Tangis Ludy makin pecah. Senggukannya terdengar semakin jelas. Begitu pun dengan Mamanya. Dalam sekejap, direngkuhnya anak bungsu itu ke dalam pelukan. Tidak berselang lama, Anne menggabungkan diri ke dalamnya.

“Jangan pernah menyalahkan diri kalian sendiri untuk apa yang Mama lakukan. Jangan kalian merasa terbebani, karena memang Mama yang menginginkan ini. Mama tidak keberatan, dan Mama senang mengorbankan apa pun yang Mama punya. Tidak ada anak yang minta dilahirkan oleh orangtua, yang ada orang tualah yang minta melahirkan anak. Jadi, biarkan Mama memikul tanggung jawab atas kalian. Ini pilihan Mama.”

“Papa ... Papa gimana, Ma?”

Wanita itu memaksakan senyum. “Jangan khawatir, dia akan segera kembali,” jawabnya dusta.

Tidak ada yang tahu di mana keberadaan Papa Ludy. Tidak ada yang tahu pula kapan ia akan kembali. Kedua gadis itu pun mengerti. Karenanyalah mereka memilih untuk tetap tersenyum, saling menguatkan. Mereka tidak ingin membahas pria yang belum siap mereka ingat.

“Kak, tahu nggak? Mama tiap hari selalu masak kayak gini, berjaga-jaga kalau Kakak pulang sewaktu-waktu,” celoteh Anne sambil memasukkan nasi ke dalam mulutnya.

“Kalaupun Kakakmu nggak datang, kamu juga harus konsumsi makanan penuh gizi seperti ini,” sanggah Mamanya.

“Kak, tahu juga, nggak? Pas Kakak kecelakaan itu, Mama heboh pengen terbang ke Bali. Tapi Mama sangat penakut.”

Mama Ludy mendelik, lalu berkata, “Kayak kamu enggak?!” Lalu, mengalihkan perhatiannya kepada Ludy dan tersenyum. “Untung ada Sam. Mama jadi tenang meski hanya melihatmu dari jauh. Kapan-kapan, ajaklah dia main ke sini.”

Ludy hampir tersedak mendengar permintaan mamanya. “Sebenarnya, hari ini Ludy pulang ... diantar sama Sam, Ma.”

Mamanya terkesiap, lalu dengan semangat ia berkata, “Kenapa nggak bilang dari tadi? Suruh dia masuk, ajak dia makan. Mama ambil piring lagi.”
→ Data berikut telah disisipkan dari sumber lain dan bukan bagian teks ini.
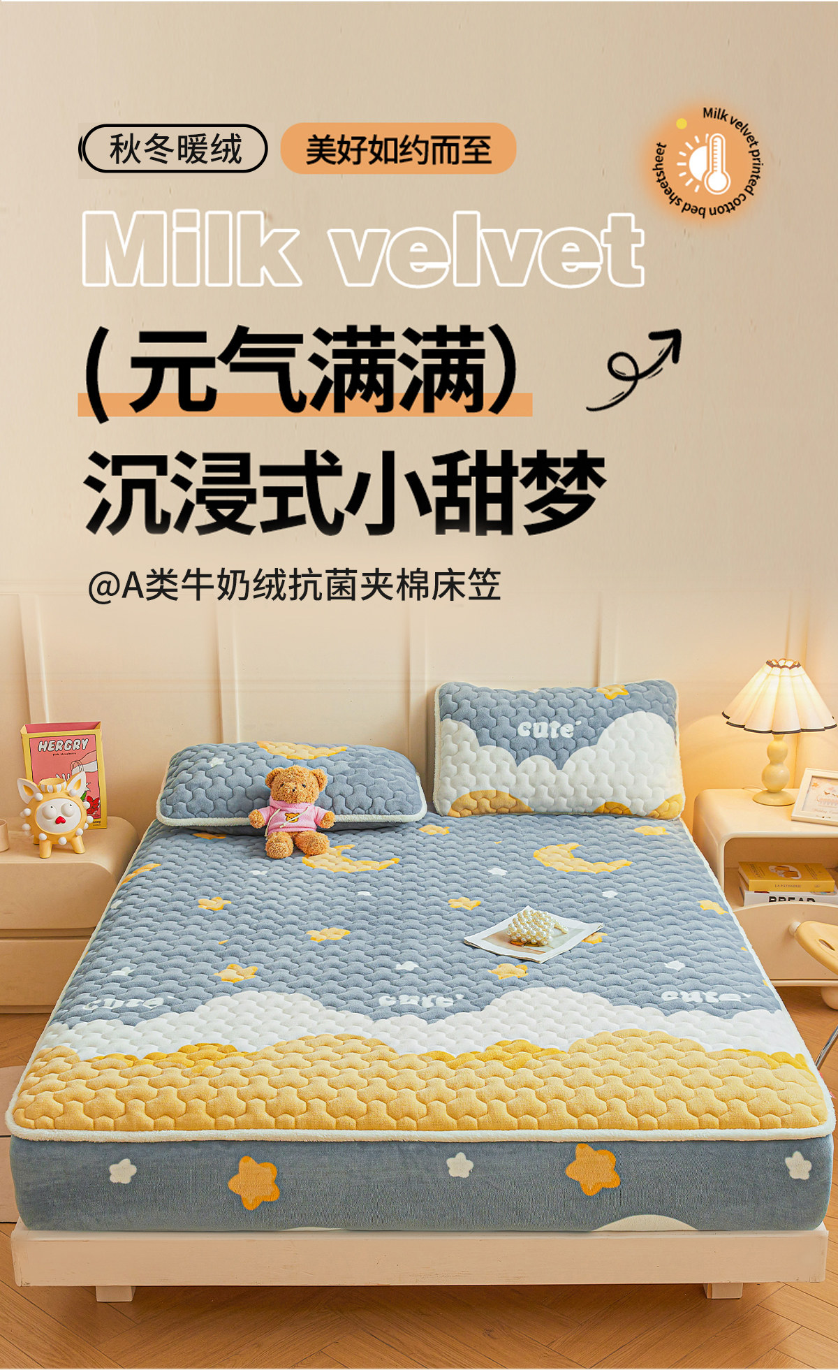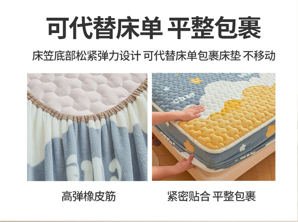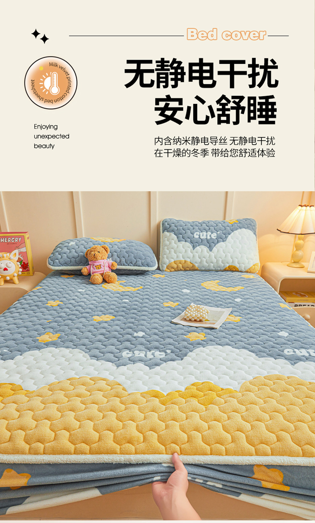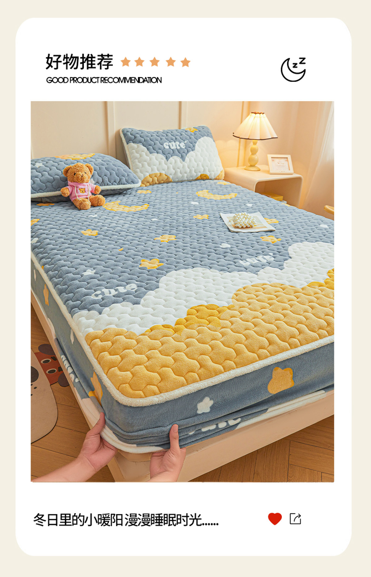 A类抗菌牛奶绒夹棉床笠床罩加绒冬季珊瑚绒床垫套保护罩三四件套

Ludy bergegas keluar, ke tempat mobil Sam berada. Sayangnya, ia hanya mendapati jalanan kosong. Sam tidak lagi berada di tempatnya. Ia pun membuka ponsel, lalu tersenyum mendapati ada pesan singkat dari orang yang dicarinya.

Sam :

Menginaplah di sana malam ini. Aku akan jemput kau besok pagi.’